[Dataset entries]
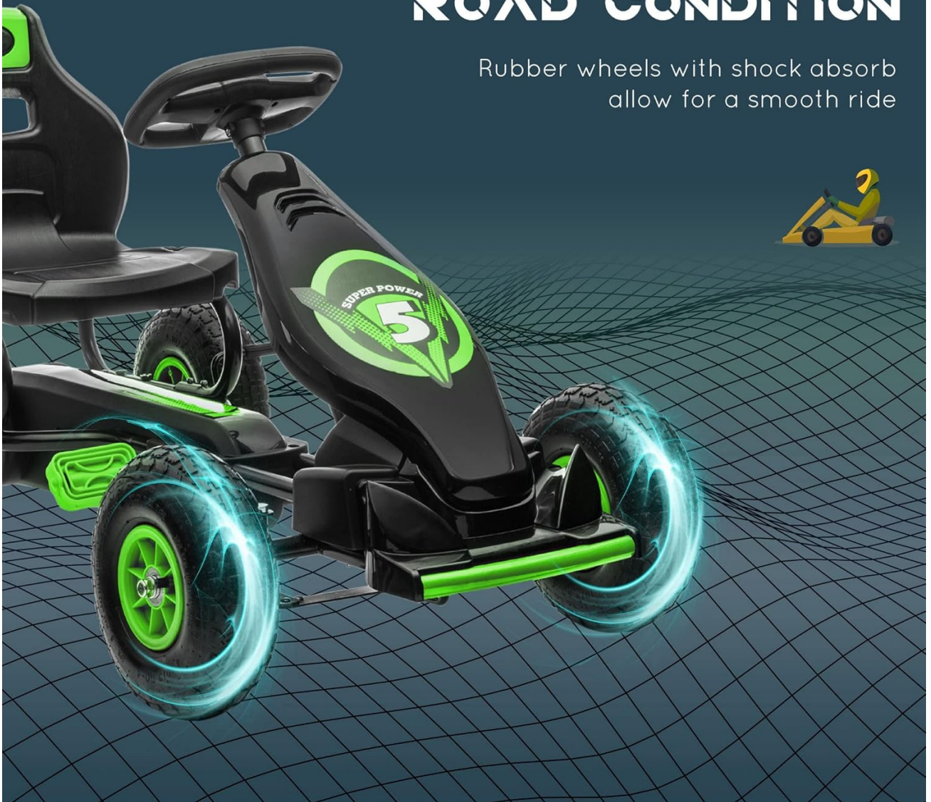
Image: Durable rubber wheels with shock absorption for a smooth ride on different surfaces.

Rubber wheels with shock absorb allow for a smooth ride
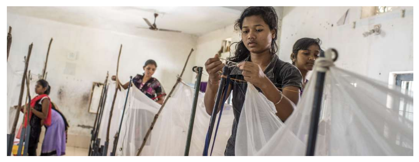
Young girls using insecticide treated nets in the hostel of a government-run girls high school in Odisha, India.

• HIAs: a systematic approach to identify adverse effects and health opportunities of development projects upon which to develop a multisectoral public health management plan. In this way, the environmental and social determinants of health can be managed in the context of development projects.
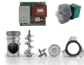
For parts www.ampto.com
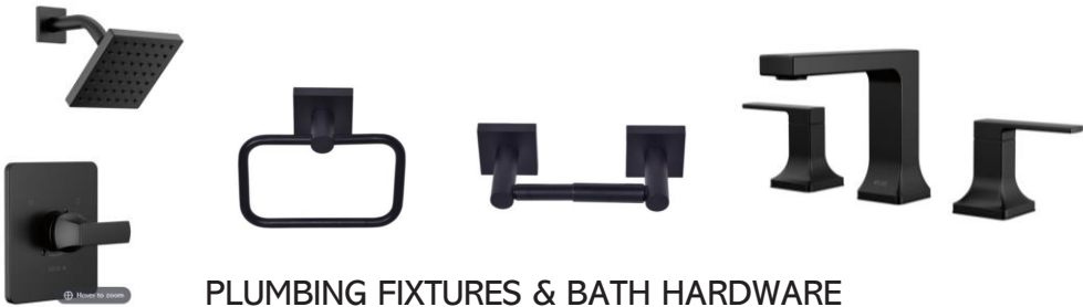
PLUMBING FIXTURES & BATH HARDWARE
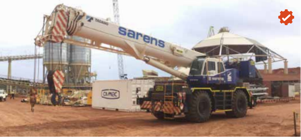
2012 Tadano GR-800EX | Markeplace-E
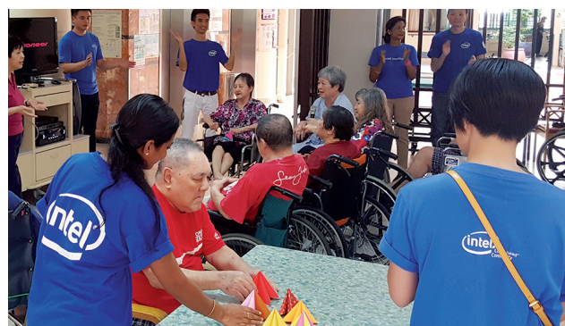
15 September 2016: Residents singing their hearts out with staff from Intel Mobile Communication SEA Pte Ltd during their visit
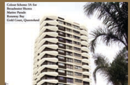
Resene RenderRite electronic rendering service visual
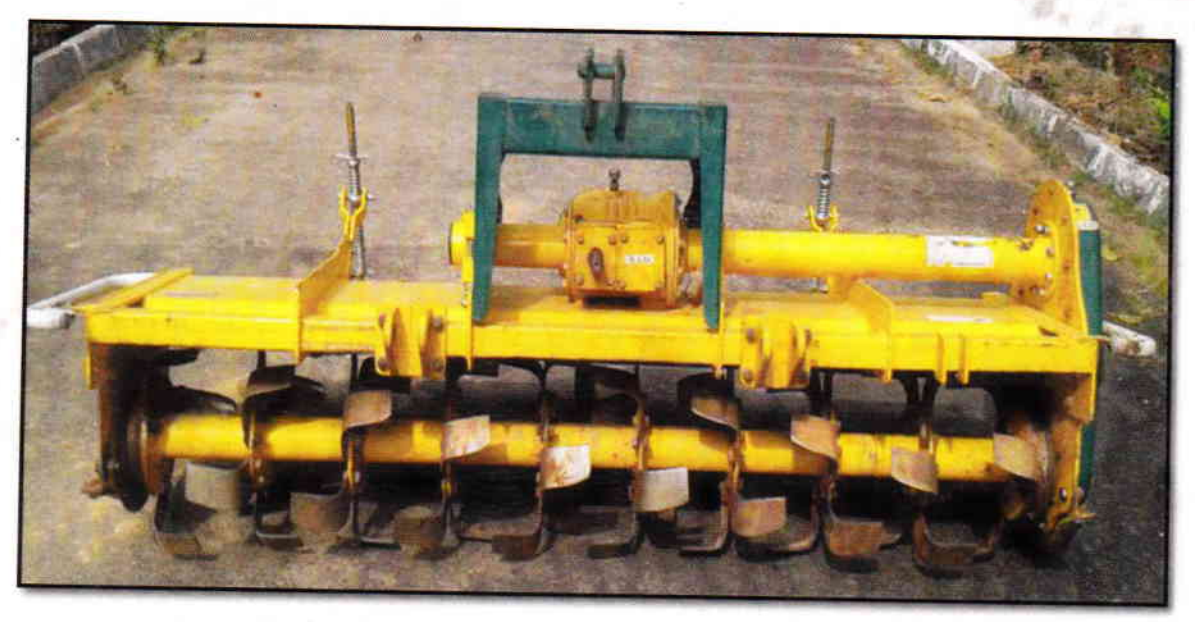
New Swan (NSERT 225) Super Series Rotavator
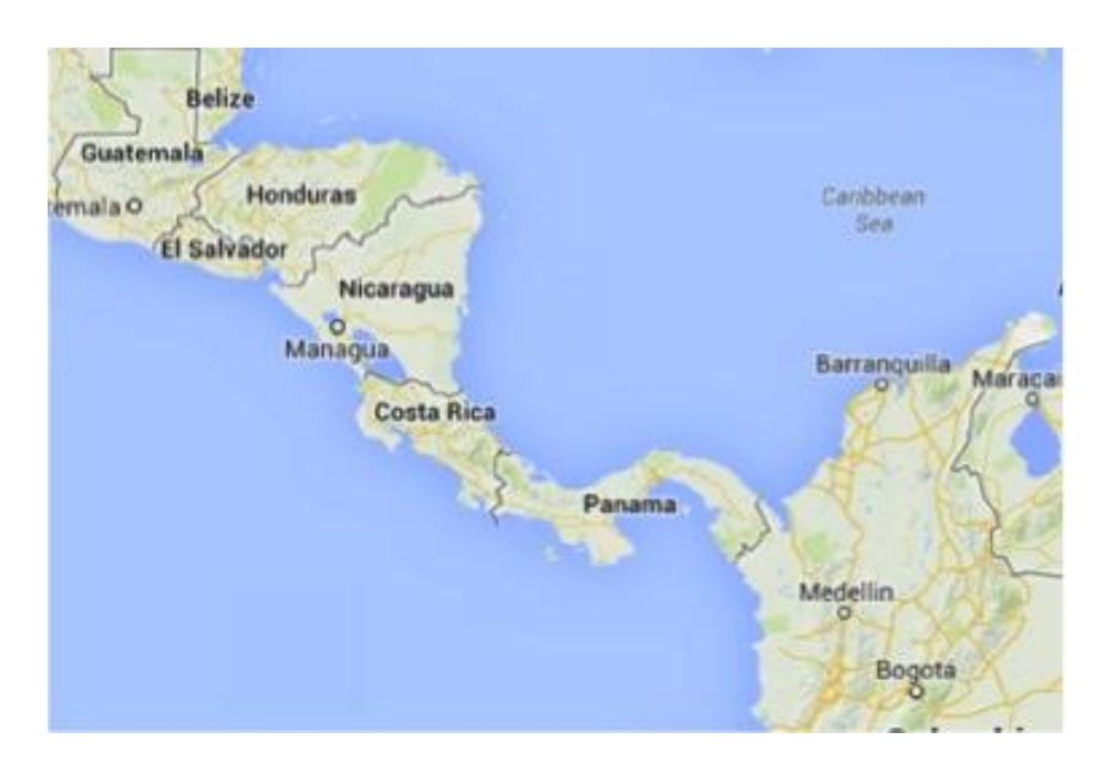
Figure 2. A map of Central America.<sup>[4]</sup> El Salvador borders Guatemala and Honduras.
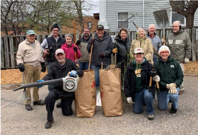
Some had already left before the final photo . . .

actually showed up last Saturday. But a hardy and enthusiastic group of volunteers did, and what great job they did!
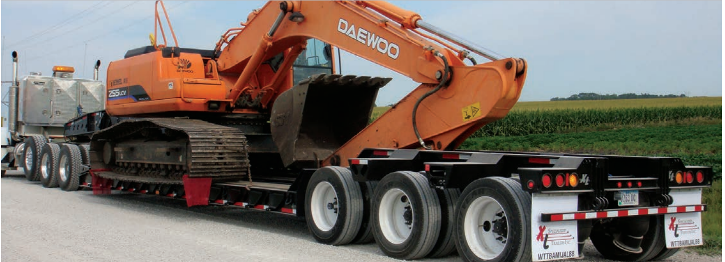
XL 110 Hydraulic Detachable Gooseneck: Construction
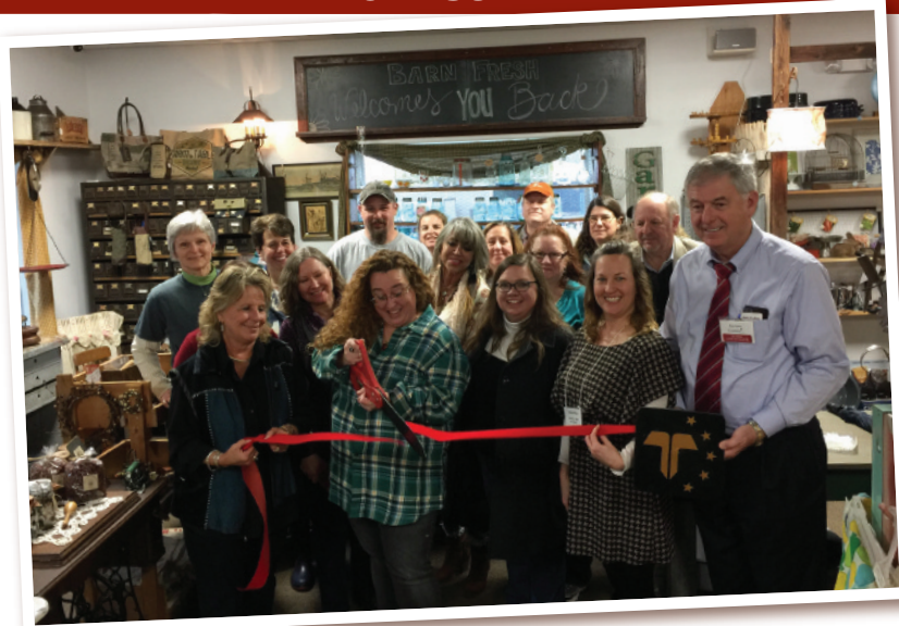
Barn Fresh Vintage Market, 311 County Line Rd., Gilbertsville, PA 19525
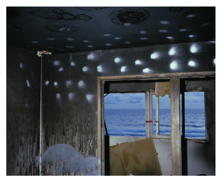
Fig. 3. John Divola, Zuma (1977–78) photograph 24 \times 30 on rag paper, courtesy of the artist.
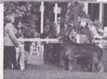
RESERVE BEST DOG CH SHIELHILL BRAN TO KILBOURNE (above)
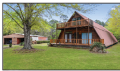
25541 Broadridge Dr | Picayune 4 bed | 2 bath 2339 sqft | $275,000

Newly constructed home nestled on spacious 2-acre lot in Kiln. Modern French Acadian design with an open & split floor plan and so much more.
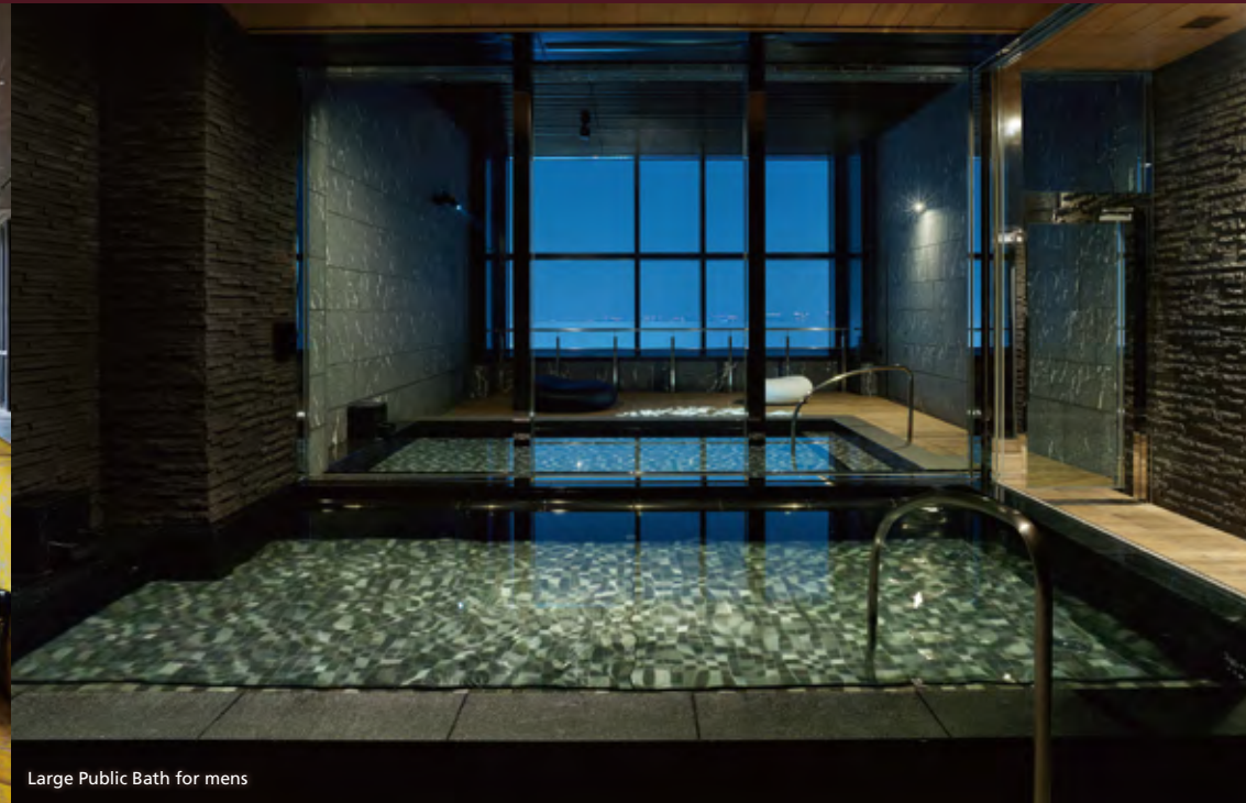
Large Public Bath for mens
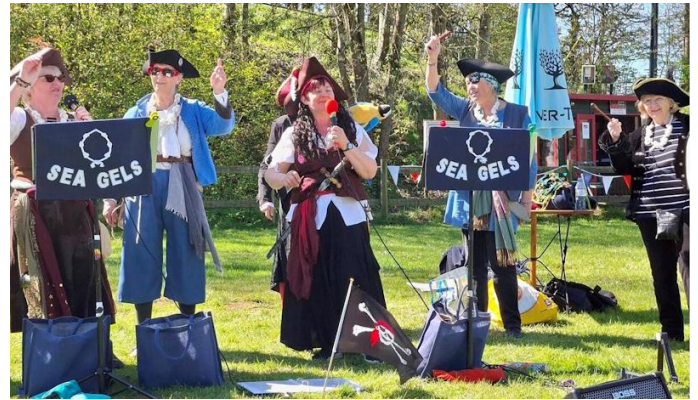
The event raised an impressive £285 for Godshill Matters. A heartfelt thank you goes out to all the individuals and local businesses who donated prizes, ensuring the success of the Treasure Trail. Their support made the day possible and contributed greatly to the community spirit.
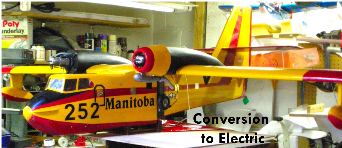
Conversion to Electric
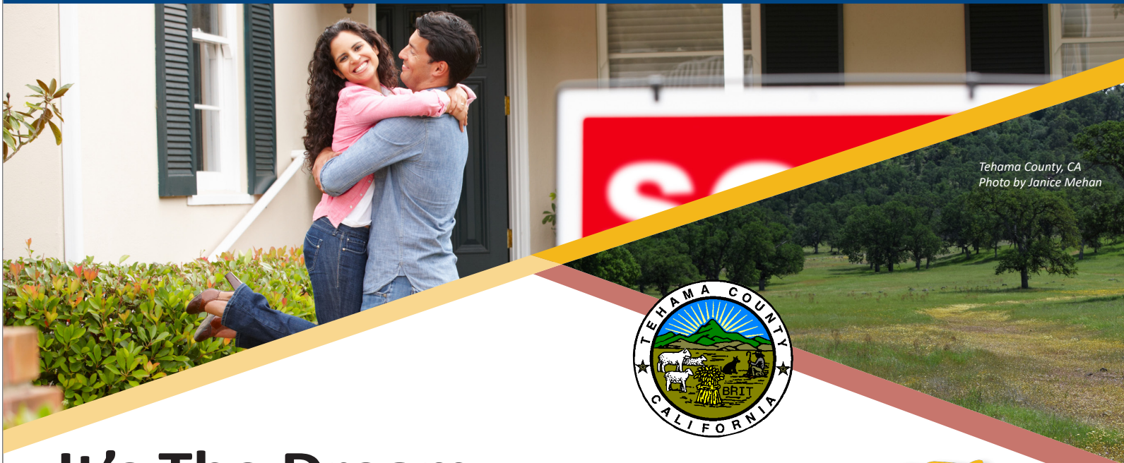
Tehama County, CA

▸ Exercise details
Repeat all of the records verbatim, leaving out the pictures.

▸ Answer space
Image: Durable rubber wheels with shock absorption for a smooth ride on different surfaces.

Rubber wheels with shock absorb allow for a smooth ride
Young girls using insecticide treated nets in the hostel of a government-run girls high school in Odisha, India.

• HIAs: a systematic approach to identify adverse effects and health opportunities of development projects upon which to develop a multisectoral public health management plan. In this way, the environmental and social determinants of health can be managed in the context of development projects.
For parts www.ampto.com
PLUMBING FIXTURES & BATH HARDWARE
2012 Tadano GR-800EX | Markeplace-E
15 September 2016: Residents singing their hearts out with staff from Intel Mobile Communication SEA Pte Ltd during their visit
Resene RenderRite electronic rendering service visual
New Swan (NSERT 225) Super Series Rotavator
Figure 2. A map of Central America.<sup>[4]</sup> El Salvador borders Guatemala and Honduras.
Some had already left before the final photo . . .

actually showed up last Saturday. But a hardy and enthusiastic group of volunteers did, and what great job they did!
XL 110 Hydraulic Detachable Gooseneck: Construction
Barn Fresh Vintage Market, 311 County Line Rd., Gilbertsville, PA 19525
Fig. 3. John Divola, Zuma (1977–78) photograph 24 \times 30 on rag paper, courtesy of the artist.
RESERVE BEST DOG CH SHIELHILL BRAN TO KILBOURNE (above)
25541 Broadridge Dr | Picayune 4 bed | 2 bath 2339 sqft | $275,000

Newly constructed home nestled on spacious 2-acre lot in Kiln. Modern French Acadian design with an open & split floor plan and so much more.
Large Public Bath for mens
The event raised an impressive £285 for Godshill Matters. A heartfelt thank you goes out to all the individuals and local businesses who donated prizes, ensuring the success of the Treasure Trail. Their support made the day possible and contributed greatly to the community spirit.
Conversion to Electric
Tehama County, CA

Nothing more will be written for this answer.